Knowledge graph with semantic layers — Memories are organized in a four-layer hierarchy from abstract domains to specific episodes. This improves recall by providing multiple paths to find information. See Semantic Layers.

Per-agent memory namespaces — Each agent operates in isolation with its own knowledge graph.

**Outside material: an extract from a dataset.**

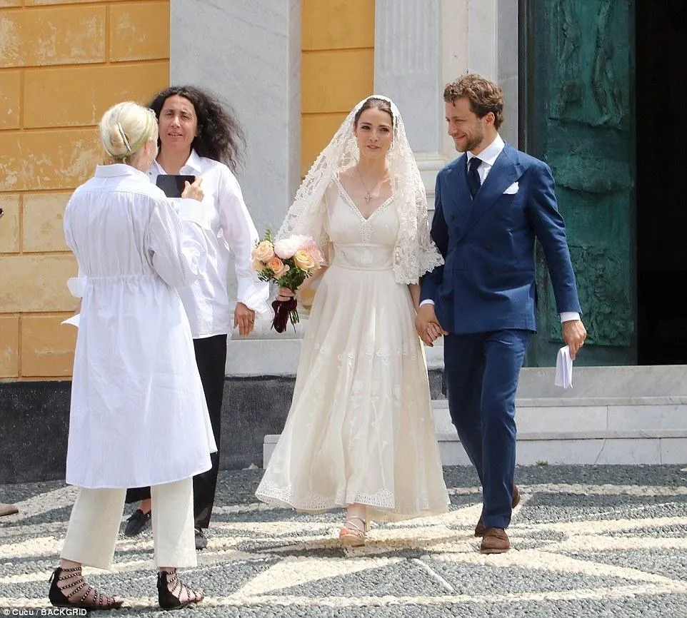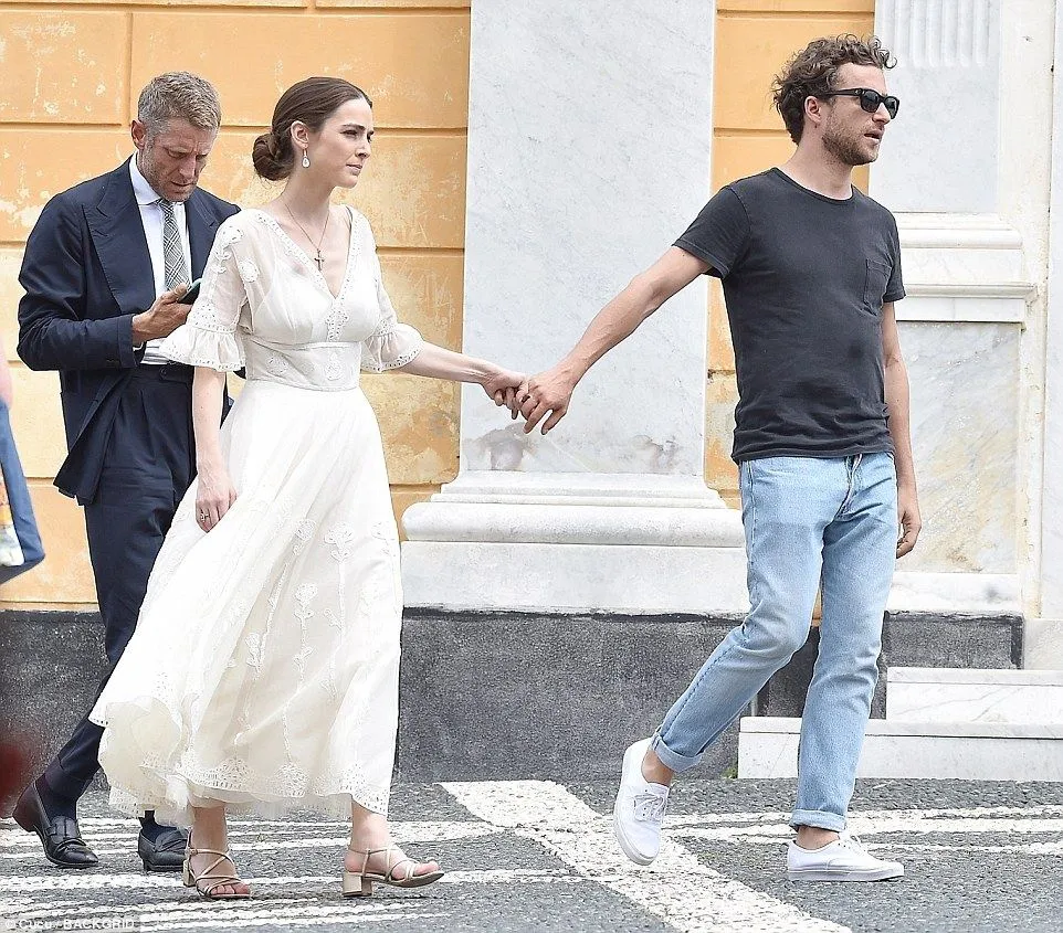 Водночас Франческо Соццані, який є сином знаменитої журналістки Франки Соццані, вбрав костюм синього кольору. До нього чоловік підібрав білосніжну сорочку та краватку. Стильне коричневе взуття завершило look зіркового нареченого.

No cross-contamination between agents.

OperationPurposeDescription
RetainStoreIngest content with automatic entity extraction, deduplication, and relationship creation
RecallSearchFind relevant memories using semantic search, graph traversal, and temporal filtering
ReflectOrganizeAnalyze the knowledge graph to create missing layers, draw inferences, and restructure relationships
ForgetDeleteRemove an entity from active queries so it no longer appears in recall results
┌─────────────────┐
│ AI Agent │
│ (MCP / REST) │
└────────┬────────┘
┌────────▼────────┐
│ MemLayer API │
│ (Haskell) │
└──┬─────┬─────┬──┘
│ │ │
┌────────▼┐ ┌──▼───┐ ┌▼────────┐
│ XTDB │ │Qdrant│ │ LLM APIs│
│(bitemp- │ │(vec- │ │(OpenAI, │
│oral DB) │ │tor) │ │ Groq) │
└─────────┘ └──────┘ └─────────┘
  • XTDB — Bitemporal database for memories, relationships, and graph structure. Every mutation is recorded with transaction time and valid time.
  • Qdrant — Vector database for semantic similarity search.
  • LLM APIs — OpenAI for embedding generation, Groq for LLM inference (entity extraction, layer classification, decision-making).